A recent article reporting the results of a survey for one word that summarizes our current president also noted that North Korea’s leader (or at least the translator who brought his words to us) managed to find a word that has fallen out of use in American English but quickly captivated its audience: Dotard. The same newspaper helpfully suggested several other lesser known insults to deploy in reply. This reminded me of  the “Shakespearean Insults” widget I once had on a web homepage (in fact “dotard” was used by Shakespeare). Political cartoonists have also had some fun with the idea of a war of words that taps into the vast reservoir of underutilized ammunition. If I had any hope of remembering all these great words, I would surely assist in preserving them like antique seeds in a seed bank.

As for the original article, I was interested as a qualitative researcher in the results of this experiment and the way they were graphically summarized. The most common word selected was “Strong” but the percent of respondents who selected it was not especially high (9 percent), indicating a low level of agreement. However, when the words were grouped by their connotations, negative words (some barely publishable) clearly dominated. I found that for myself it was difficult to come up with a word to summarize all that I think and feel on this subject. This may be because I am inclined to be over-wordy or it might be that I don’t think very fast on my feet. Whatever the cause, I salute those who managed to find one single word to do the job.



When I used to work with GIS, I had a fondness for the term “Groundtruthing”,  which refers to the act of physically validating the data on a map. Mapmakers often rely on users in the field to verify the accuracy of a map. My husband, for example, frequents the hiking trails in Maine’s Baxter State Park and the adjacent Katahdin Woods and Waters Monument. When he spots a mistake in the way a trail is represented, he reports it.
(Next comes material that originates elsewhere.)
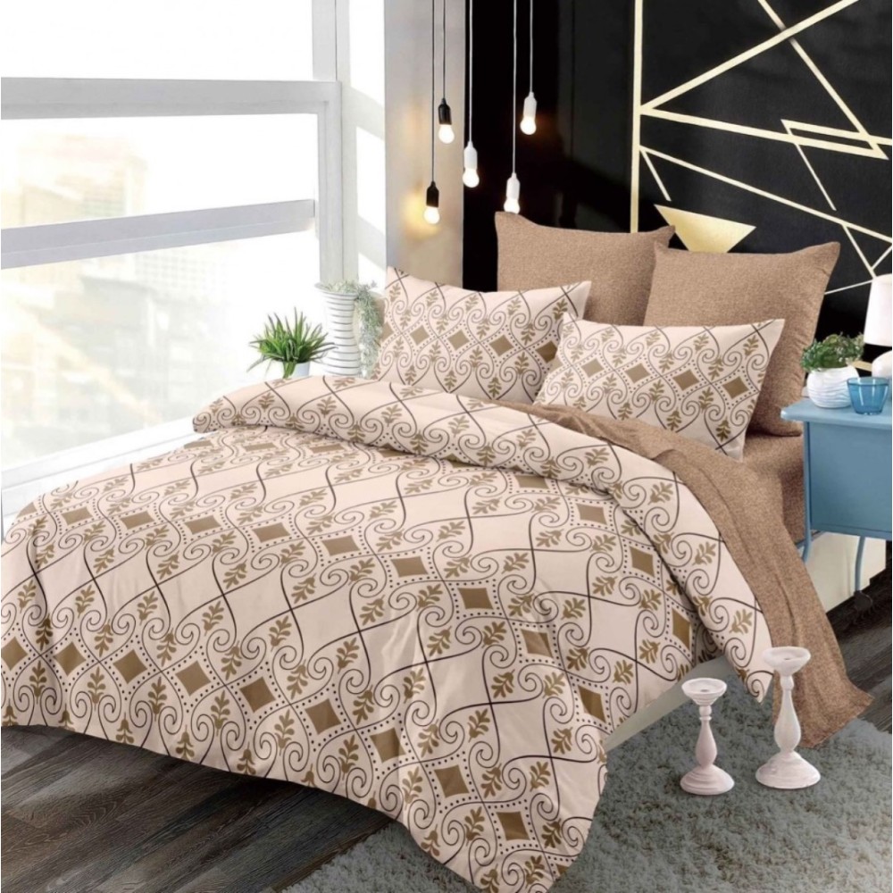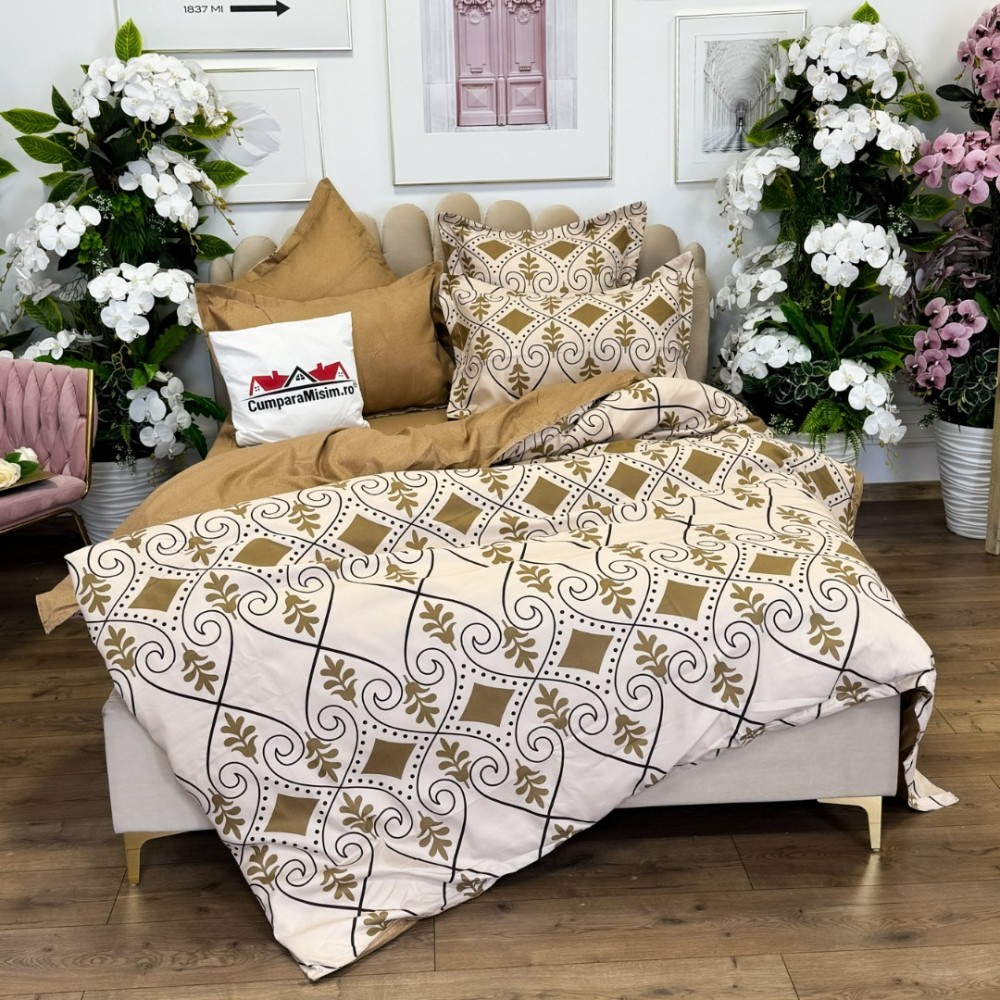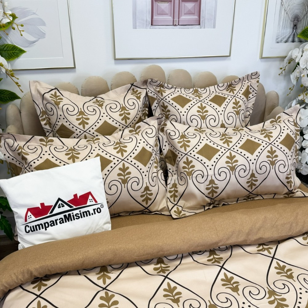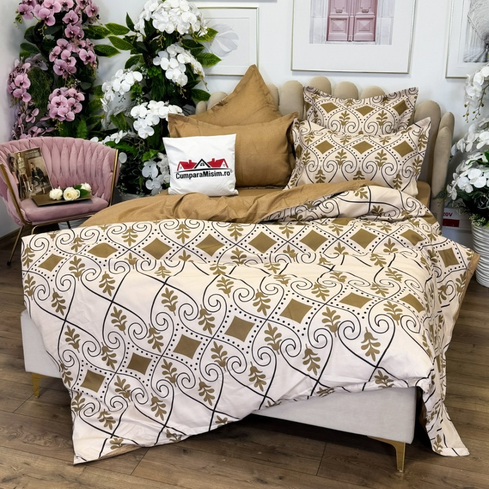 Lenjerie pat dublu, FINET, cu elastic, 6 piese, Bej, Maro, Model Oriental, Primavara Casa, cod produs: PRM-FE-B6013

Recently, I encountered a different kind of groundtruthing. In Seattle, there is a project called “The Poetic Grid“, which is assembling a map of residents’ experiences as recorded in their poetic observations. Poets of all types and level of experience contribute their work, which is assigned a dot on the map indicating the locale that is the subject of the poem. The next time you are grasping for a poetic subject, this concept of recording a place that is central to your life, in however mundane a manner you choose, may fit the bill.

A Spell of Trouble

When I spotted the headline in the local paper today, I did a double-take. I texted my distant spouse with a photo and he first replied, “I know.” And then, before I could write, “You DO?” He replied “Furry??” The paper had taken President Trump’s pronouncement that he would answer North Korea’s aggression with “fire and fury” and blown it up into a blaring headline that announced “Trump warns of ‘Fire and Furry‘”. As one of my co-workers pointed out, spellcheck would not have saved the day on that operation. There is no substitute for good, sound quality control (says the girl who left the “e” off of the word “note” in an email to clients yesterday, thus changing the spirit of the message).

I realize that the unmangled message from the president is very serious in nature but I can’t shake the image of a basket of puppies or kittens being handed out at a diplomatic meeting as an antidote to tense negotiations. Who knows? Maybe it would work.